(What you are asked to do): Print exactly what appears from the line containing "7月8日,重慶育才中學考點,考生結束考試後在人群中雀躍歡呼。當日是2020年全國高考的第二天。(中新社記者 陳超 攝)" through the final line of the data below, pictures excluded.

╭─ Given information

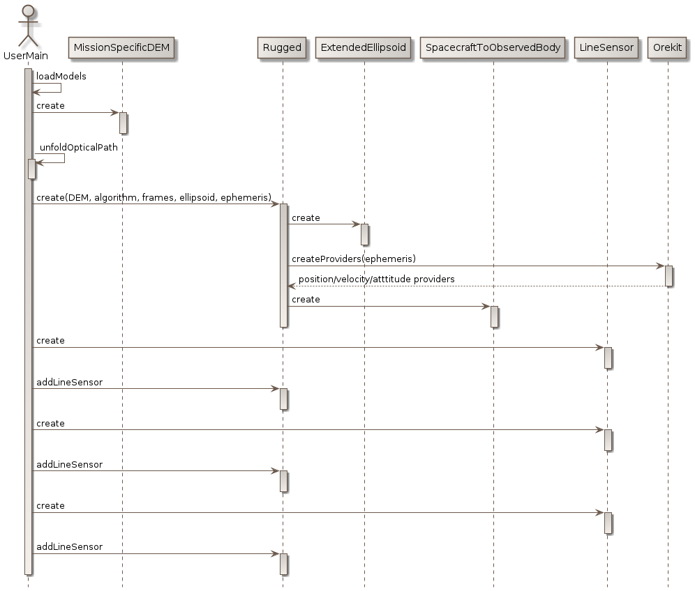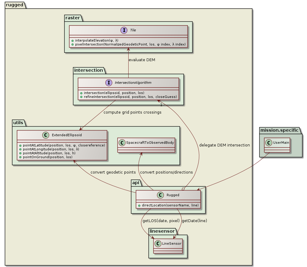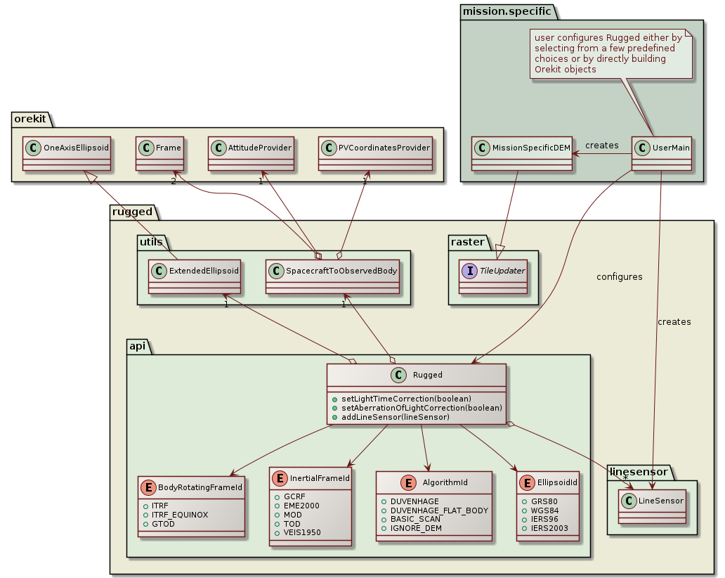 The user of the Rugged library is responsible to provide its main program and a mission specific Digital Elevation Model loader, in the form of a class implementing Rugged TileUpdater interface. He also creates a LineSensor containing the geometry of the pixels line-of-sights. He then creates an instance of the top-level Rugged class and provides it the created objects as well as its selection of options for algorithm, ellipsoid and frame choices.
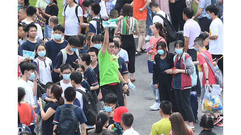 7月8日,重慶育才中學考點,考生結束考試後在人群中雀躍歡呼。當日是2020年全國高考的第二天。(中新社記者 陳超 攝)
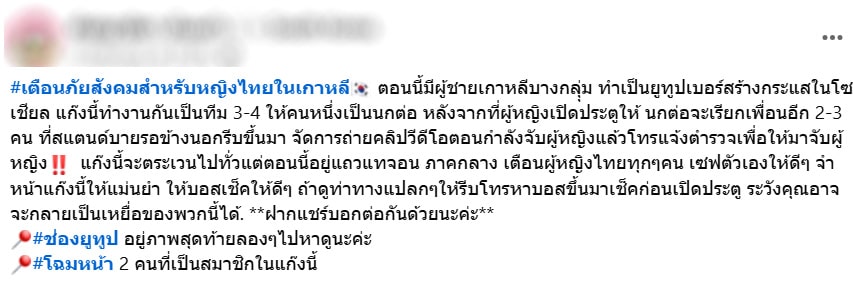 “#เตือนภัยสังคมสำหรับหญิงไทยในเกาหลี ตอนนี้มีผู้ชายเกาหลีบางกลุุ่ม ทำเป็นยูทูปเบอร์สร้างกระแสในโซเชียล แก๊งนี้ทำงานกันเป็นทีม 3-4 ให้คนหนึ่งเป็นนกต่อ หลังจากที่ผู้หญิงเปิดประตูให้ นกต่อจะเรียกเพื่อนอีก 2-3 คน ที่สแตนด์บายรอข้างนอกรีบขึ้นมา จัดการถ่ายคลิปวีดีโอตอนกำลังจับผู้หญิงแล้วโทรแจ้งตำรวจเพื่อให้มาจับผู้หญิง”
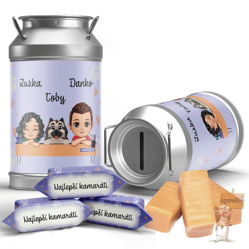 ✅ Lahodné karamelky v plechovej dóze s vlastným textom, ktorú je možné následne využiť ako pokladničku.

╰─

(Exercise answer):
 7月8日,重慶育才中學考點,考生結束考試後在人群中雀躍歡呼。當日是2020年全國高考的第二天。(中新社記者 陳超 攝)
 “#เตือนภัยสังคมสำหรับหญิงไทยในเกาหลี ตอนนี้มีผู้ชายเกาหลีบางกลุุ่ม ทำเป็นยูทูปเบอร์สร้างกระแสในโซเชียล แก๊งนี้ทำงานกันเป็นทีม 3-4 ให้คนหนึ่งเป็นนกต่อ หลังจากที่ผู้หญิงเปิดประตูให้ นกต่อจะเรียกเพื่อนอีก 2-3 คน ที่สแตนด์บายรอข้างนอกรีบขึ้นมา จัดการถ่ายคลิปวีดีโอตอนกำลังจับผู้หญิงแล้วโทรแจ้งตำรวจเพื่อให้มาจับผู้หญิง”
 ✅ Lahodné karamelky v plechovej dóze s vlastným textom, ktorú je možné následne využiť ako pokladničku.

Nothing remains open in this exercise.